My guess is it's a compression release. That box must be the air filter. Wonder what the RPM's are.


----------



## Bigdog (Sep 18, 2003)

Perhaps one of the early gasoline engines from a washing machine???


----------



## jodyand (Sep 16, 2003)

*Re: Re: Thats odd*



> _Originally posted by Argee _
> *My guess is it's a compression release. That box must be the air filter. Wonder what the RPM's are. *


No that has to be a valve if you look on the side of that one there is another one that don't have the spring and rocker arm.
Jody


----------



## bear (Oct 20, 2003)

the size looks right to be a wash machine engine. it likely only had the 1 rocker arm for exhaust the intake valve had a light spring used vacuum to open it. box looks like it would have been the fuel tank so the engine would mount with the cylynder horizontal.


----------



## memmurphy (Sep 18, 2003)

There's some Easy Washing Machine engine pictures here Kevin.

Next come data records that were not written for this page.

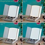 Բնօրինակ ծալովի LED հայելի՝ դիմահարդարման կազմակերպիչով (բազմաֆունկցիոնալ 3-ը 1-ում), իդեալական է դիմահարդարումը հարմարավետորեն և օպտիմալ տեսանելիությամբ քսելու համար: Այն ունի ժամանակակից, ծալովի դիզայն՝ դիմահարդարման գործիքների և ապրանքների համար մի քանի պահեստային բաժանմունքներով, այն օգնում է ձեզ խնայել տարածք և միշտ ձեռքի տակ ունենալ այն, ինչ ձեզ անհրաժեշտ է, որպեսզի կարողանաք հեշտությամբ քսել ձեր դիմահարդարումը: Բացի այդ, այն շատ բազմակողմանի և հարմարվողական է, այն աշխատում է USB-ի միջոցով (ներառում է USB-ից միկրո USB մալուխ) կամ կարող է աշխատել մարտկոցով (չի մատակարարվում), կախված նրանից, թե ինչ եք նախընտրում ցանկացած պահի: Այն ունի LED լույս՝ սենսորային կառավարմամբ և լուսավորության 3 ռեժիմով (սառը լույս, տաք լույս, ցերեկային լույս): Այս համայնապատկերային և շարժական սեղանի վրա տեղադրվող հայելին ունի կենտրոնական հայելի և երկու կողային հայելիներ, որոնք հեշտությամբ կարող են ծալվել և բացվել: Այն ներառում է հետևի մասում մինի սահող հայելի՝ x7 մեծացմամբ՝ ձեր ցանկալի դեմքի հատվածը մեծացնելու համար, ինչպես նաև ունի փոքր, չսահող ոտքեր՝ ամուր ամրացնելու համար։
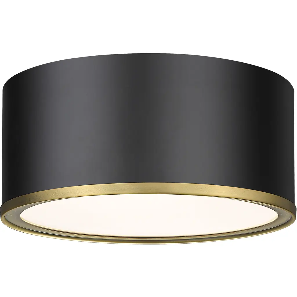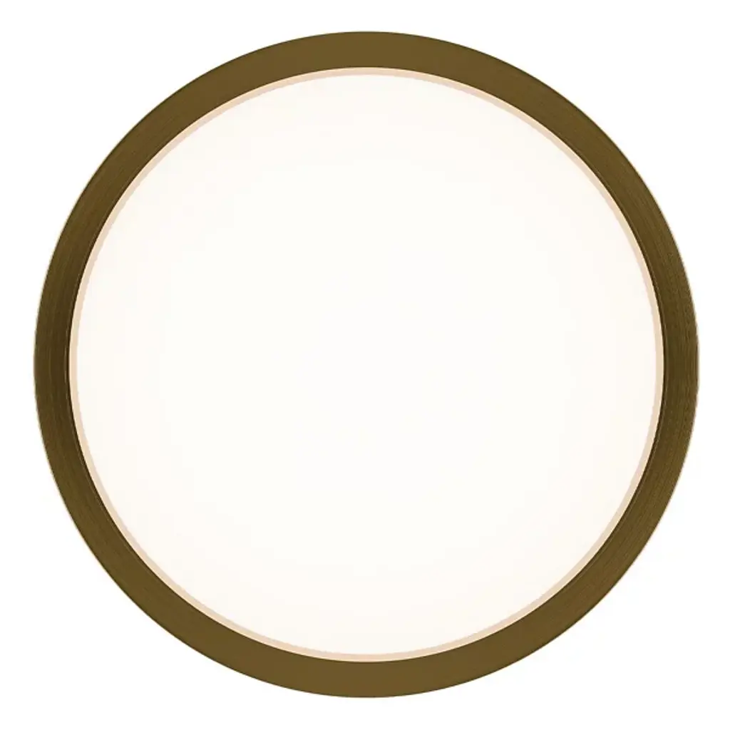 The Salvo LED Flushmount from dweLED features an aged brass ring set within a sleek outer frame, which holds a frosted diffuser to cast a soft, ambient light in whichever room it adorns. It is made from durable aluminum and acrylic, and it allows the user to adjust both the color temperature and the field of illumination, adapting to specific lighting needs. Powered by 120V AC LED technology with no driver required, this fixture offers smooth, continuous dimming when paired with an ELV or TRIAC dimmer for added customization.
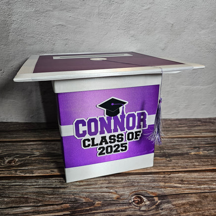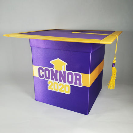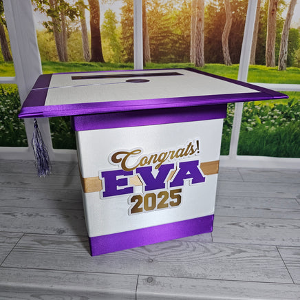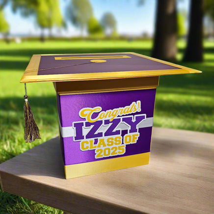 Graduation card box with rainbow purple as the main theme or within its color scheme.
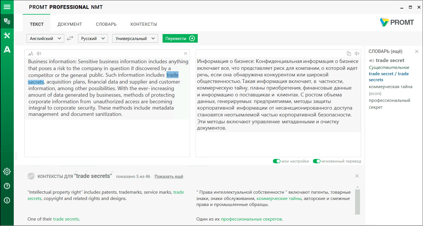 Скриншоты «PROMT Professional Neural»
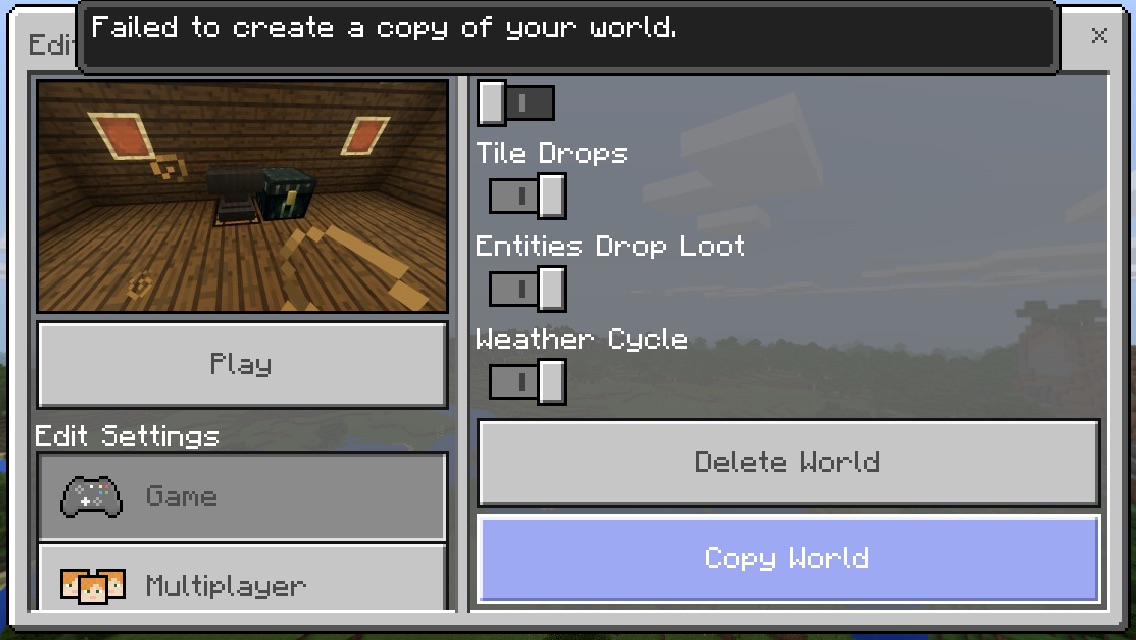 When I try to copy my world it will try to copy it for a few seconds an then it tells me it can’t (this also means I can’t play with experimental gameplay in this world)
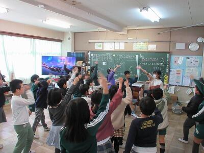 1年生の教室をのぞくと、体験入学に来た児童へ立野小学校の校歌を教えてあげようと、元気よく校歌を歌っていました。
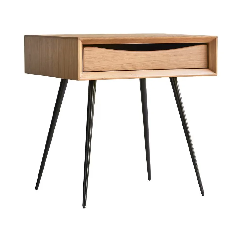 Il cassetto singolo offre uno spazio ordinato per gli oggetti quotidiani, mentre le gambe leggermente inclinate richiamano il design mid century.
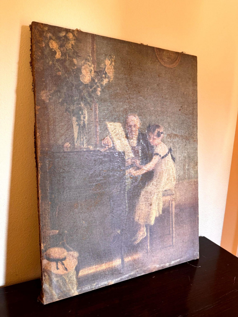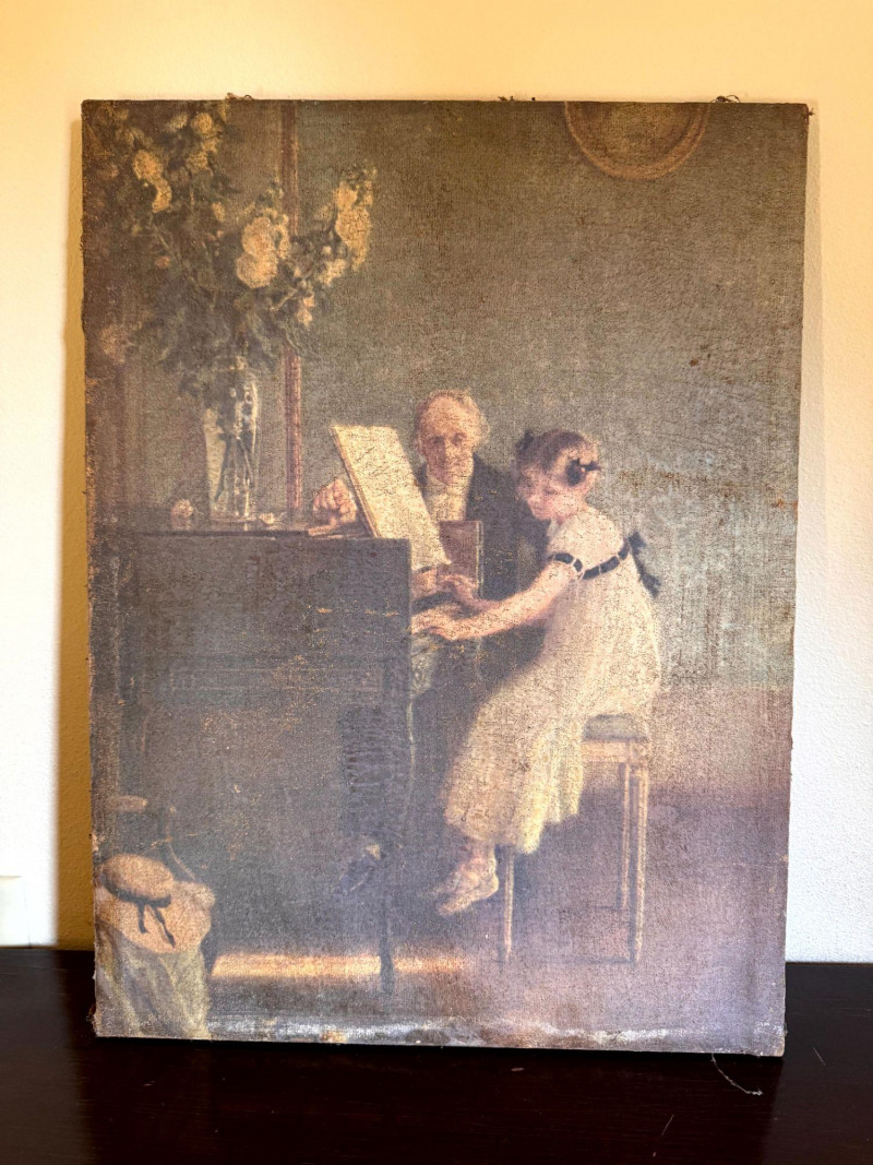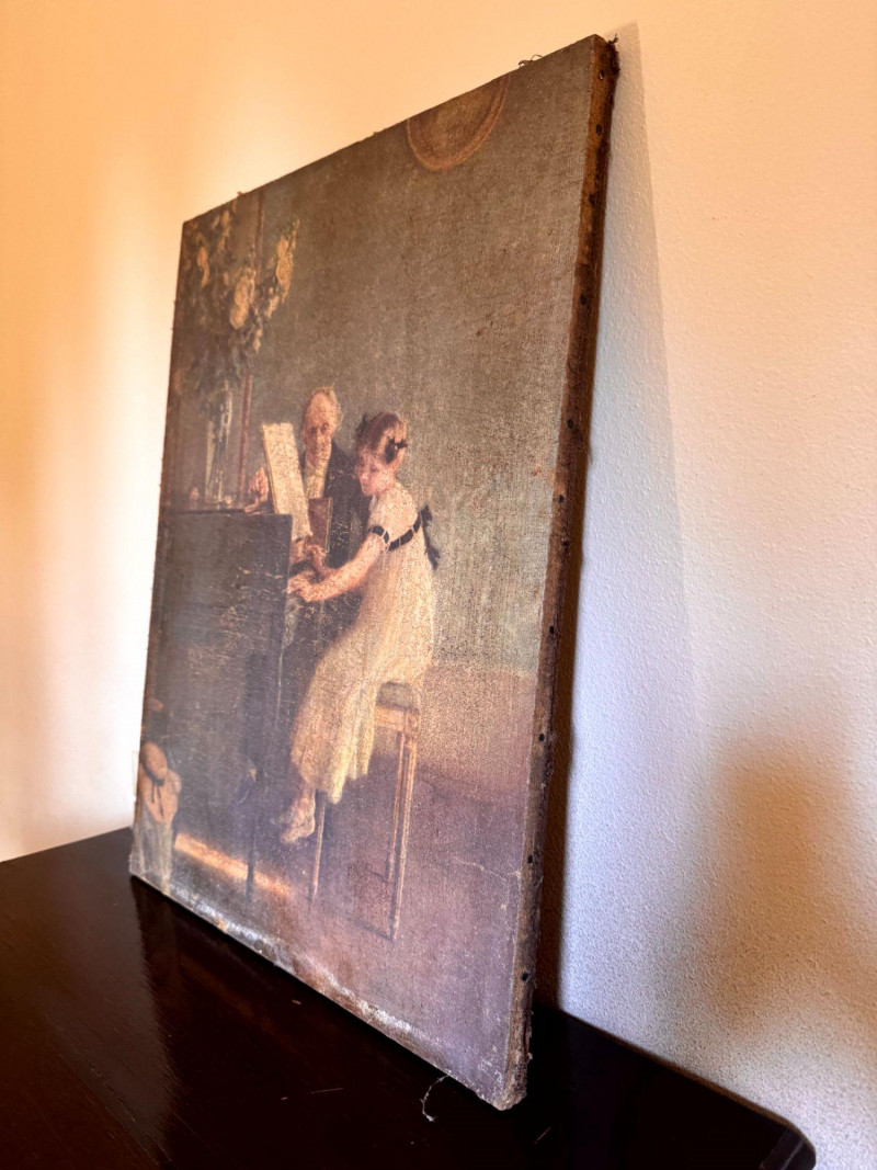 Antique Style Canvas Print “Piano Lesson” After Jules-Alexis Muenier.

http://www.asecc.com/gallery/page13.html 

Mark


----------



## Argee (Sep 17, 2003)

*Hey Kevin!*

I finally fixed the problem of not being able to load your pictures. I change my service provider! :smiles:


----------



## Kevin Beitz (Sep 17, 2003)

*expensive fix*

expensive fix


----------



## Argee (Sep 17, 2003)

*Re: expensive fix*



> _Originally posted by Kevin Beitz _
> *expensive fix *


Actually I'm saving $5.00 per month. I was just surprised when I logged in to TF.com using the new ISP that your pictures showed up. I don't know why, but who cares, it's working.
:grapevine


----------



## jodyand (Sep 16, 2003)

*Re: Hey Kevin!*



> _Originally posted by Argee _
> *I finally fixed the problem of not being able to load your pictures. I change my service provider! :smiles: *



That great so it was your IP that was the problem:duh: 
Jody


----------



## memmurphy (Sep 18, 2003)

Better service and an extra $60/year in your pocket. Good deal!
:thumbsup: 

Do web pages load any faster?

Mark


----------



## Ingersoll444 (Sep 17, 2003)

> _Originally posted by memmurphy _
> *Better service and an extra $60/year in your pocket. Good deal!
> :thumbsup:
> 
> *


AND you get to see Kevins pictures.


----------